Dataset section:
↓

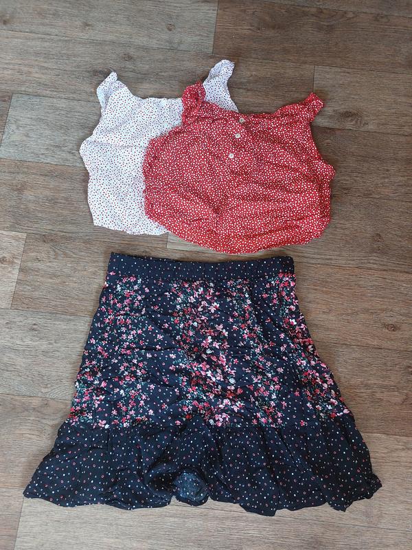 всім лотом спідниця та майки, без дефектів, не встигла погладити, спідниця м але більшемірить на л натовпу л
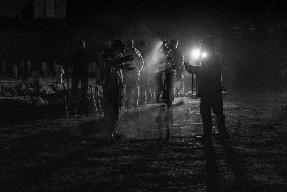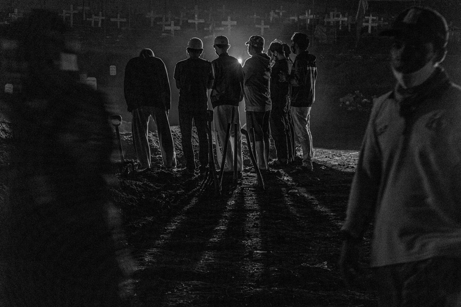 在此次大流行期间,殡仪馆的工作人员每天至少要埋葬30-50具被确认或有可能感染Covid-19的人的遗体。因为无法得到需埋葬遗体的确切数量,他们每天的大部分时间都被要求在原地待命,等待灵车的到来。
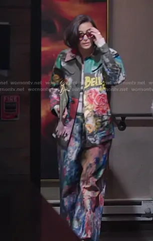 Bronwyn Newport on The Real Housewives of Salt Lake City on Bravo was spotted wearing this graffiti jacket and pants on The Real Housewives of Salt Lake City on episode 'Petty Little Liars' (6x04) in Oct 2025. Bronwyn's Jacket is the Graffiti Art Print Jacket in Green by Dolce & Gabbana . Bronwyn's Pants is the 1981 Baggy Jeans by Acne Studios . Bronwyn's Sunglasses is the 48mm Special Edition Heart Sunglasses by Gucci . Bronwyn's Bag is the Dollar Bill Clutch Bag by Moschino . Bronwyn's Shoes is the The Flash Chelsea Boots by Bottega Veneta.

↑

What is required: The lines from the start of the data through the line that contains "在此次大流行期间,殡仪馆的工" are to be returned exactly, please, with both ends included and every picture left out.

Answer below:
 всім лотом спідниця та майки, без дефектів, не встигла погладити, спідниця м але більшемірить на л натовпу л
 在此次大流行期间,殡仪馆的工作人员每天至少要埋葬30-50具被确认或有可能感染Covid-19的人的遗体。因为无法得到需埋葬遗体的确切数量,他们每天的大部分时间都被要求在原地待命,等待灵车的到来。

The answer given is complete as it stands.